Air quality forecasts based on high resolution simulations with MATCH-Stockholm, using an
European scale MATCH model result on the boundaries, have been implemented in the
SULVF Airviro system. Daily forecasts of O3, NO2, NOx and PM10 are available, presently
with a 1x1 km spatial resolution. There are currently two operational model options for the
European scale forecasts, however the final solution will be to use the GMES core service,
e.g. MATCH-MACC forecasts.
The quality of the MATCH model forecast and hindcast simulations have been analyzed
through comparisons with monitor data at the Norra Malma rural background station and the
Torkel Knutsson urban background station. Ozone forecasts show good quality, reproducing
seasonal variations and high episodes in a realistic way, although with a certain underestimation
of the one percent highest values. Also NO2 concentrations can be satisfactorily
forecasted with the GASLINK nested model system. For PM10 the situation is promising,
but more development must be performed to achieve a better quality of the long-range
transported part of PM10, today determined by scaling up one of the PM fractions (secondary
inorganic aerosols).
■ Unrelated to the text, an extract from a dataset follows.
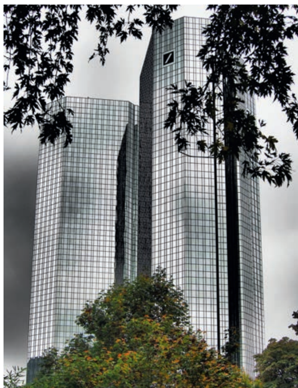
Abb 4 Urbane Grünflächen können zur Verbesserung des Mikroklimas beitragen.

For PM10 forecasts in Scandinavian cities a more realistic description of
local PM10 emissions that includes road dust generation and resuspension is also needed.
Although improvements of the GASLINK model components are expected within the
coming years, it is suggested to link already now the GASLINK air quality forecasts of O3,
NO2, NOx and PM10 to the Health Risk Index web page operated by the environmental
authorities in the Stockholm-Uppsala region.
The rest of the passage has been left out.